* [What needs to be done]
The listing below holds pictures; exclude them. Return exactly the lines from the one with "Na teoria, uma" through the one with "飼い主の手も保護:直接手に毛が付かず、アレルギー対策や衛生面でも優れています。".

[Exercise inputs]

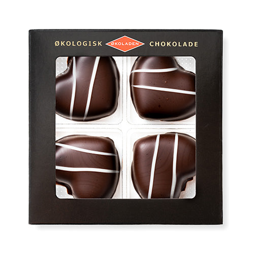 Økologiske marcipanhjerter med marcipan, overtrukket med 70 % mørk chokolade og en streg af hvid chokolade.
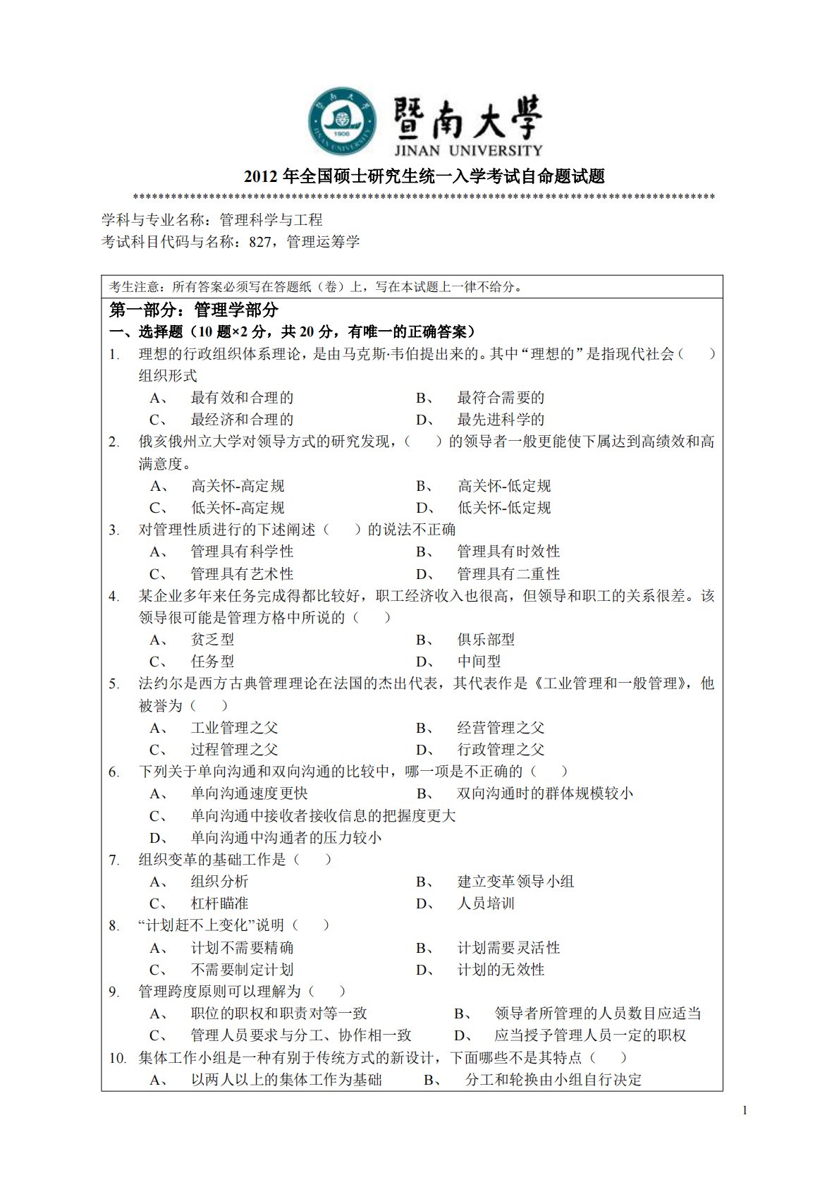 12012年全国硕士研究生统一入学考试自命题试题********************************************************************************************学科与专业名称:管理科学与工程考试科目代码与名称:827,管理运筹学考生注意:所有答案必须写在答题纸(卷)上,写在本试题上一律不给分。第一部分:管理学部分一、选择题(10题×2分,共20分,有唯一的正确答案)1.理想的行政组织体系理论,是由马克斯∙韦伯提出来的。其中“理想的”是指现代社会()组织形式A、最有效和合理的B、最符合需要的C、最经济和合理的D、最先进科学的...
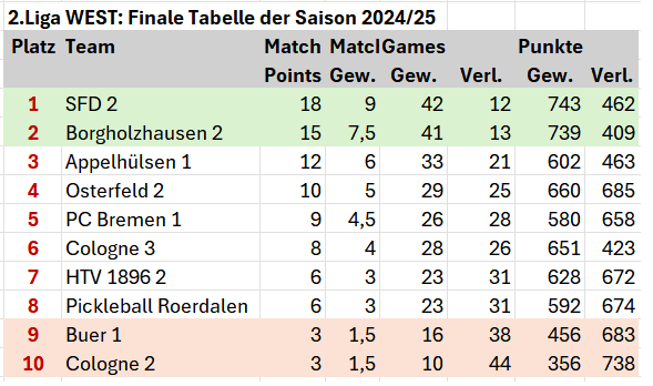 Die 2. Mannschaft hatte sich damit auch für das erstmals ausgetragene Finalturnier der Ligen West und Süd qualifiziert. In Friedrichsdorf im schönen Hessen wurde anschließend um den Titel „Deutscher Pickleball Team Meister Liga 2“ gespielt. Das Halbfinale konnte unser Team noch deutlich für sich entscheiden, musste sich im Finale jedoch leider geschlagen geben. Dennoch dürfen wir uns erster „Deutscher Vizemeister“ in der noch jungen Pickleball-Geschichte Deutschlands nennen – ein Titel, den wir mit Stolz nach Hause gebracht haben.
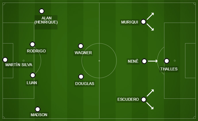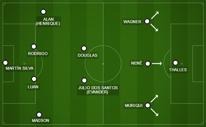 Na teoria, uma linha com Muriqui, Nenê e Wagner dá força ofensiva, com os pontas cortando para dentro para finalizar – pontos fortes de ambos. Mas falta velocidade e profundidade, que devem ser providenciadas pelos laterais.
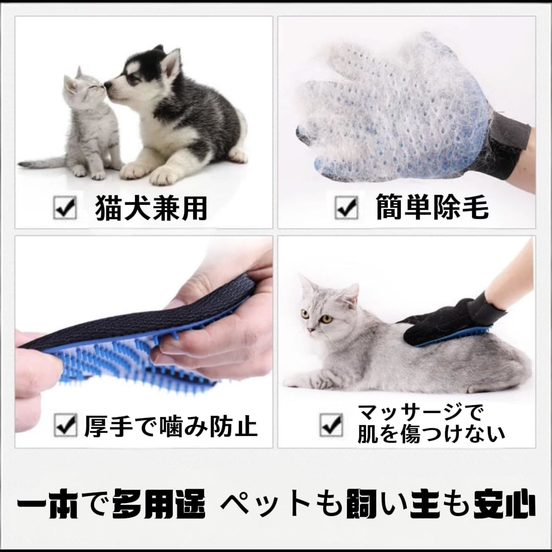 飼い主の手も保護:直接手に毛が付かず、アレルギー対策や衛生面でも優れています。
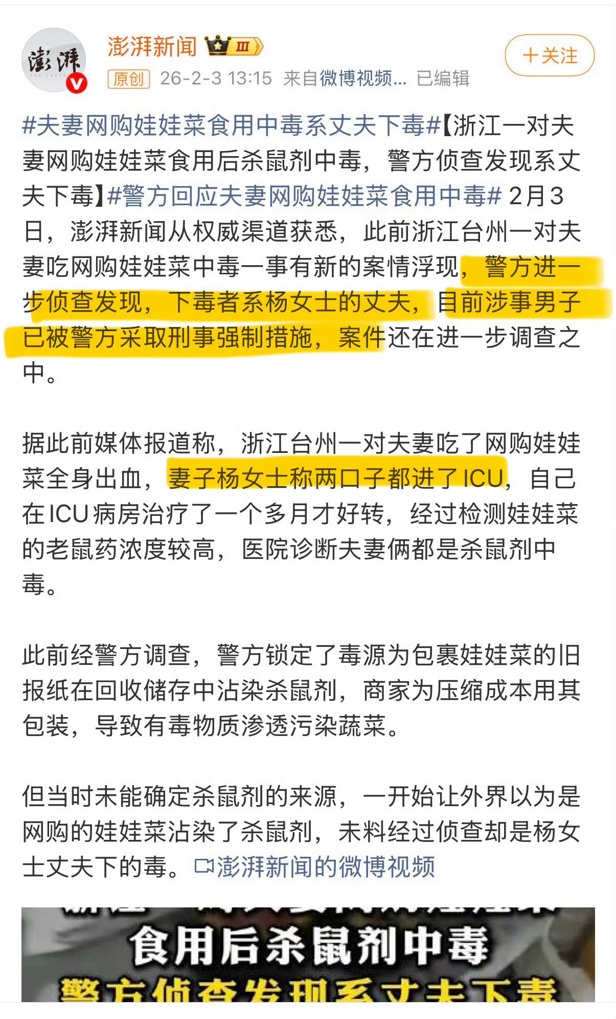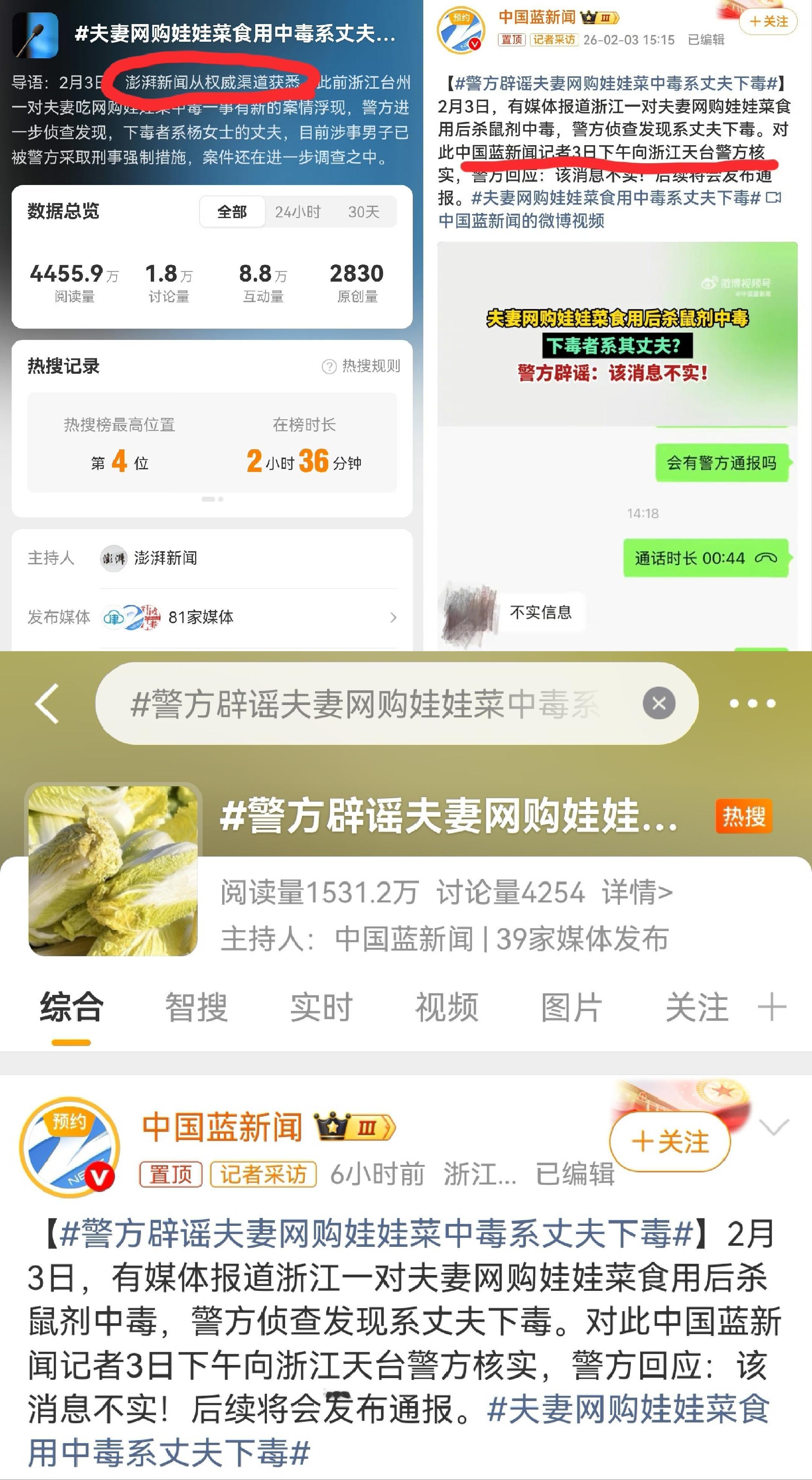 2月3日,澎湃新闻为了抢首发,以“权威渠道”获悉称是丈夫下毒,随后被中国蓝新闻辟谣称警方回复“消息不实”,澎湃“果断”删除相关报道,再到红星新闻发布“夫妻合谋”报道,媒体间的“信息互掐”,让公众无所适从,不知道该相信哪一方,媒体公信力再次被透支。吃娃娃菜中毒夫妻均被刑拘

[/Exercise inputs]

* [Reply to the task]
 Na teoria, uma linha com Muriqui, Nenê e Wagner dá força ofensiva, com os pontas cortando para dentro para finalizar – pontos fortes de ambos. Mas falta velocidade e profundidade, que devem ser providenciadas pelos laterais.
 飼い主の手も保護:直接手に毛が付かず、アレルギー対策や衛生面でも優れています。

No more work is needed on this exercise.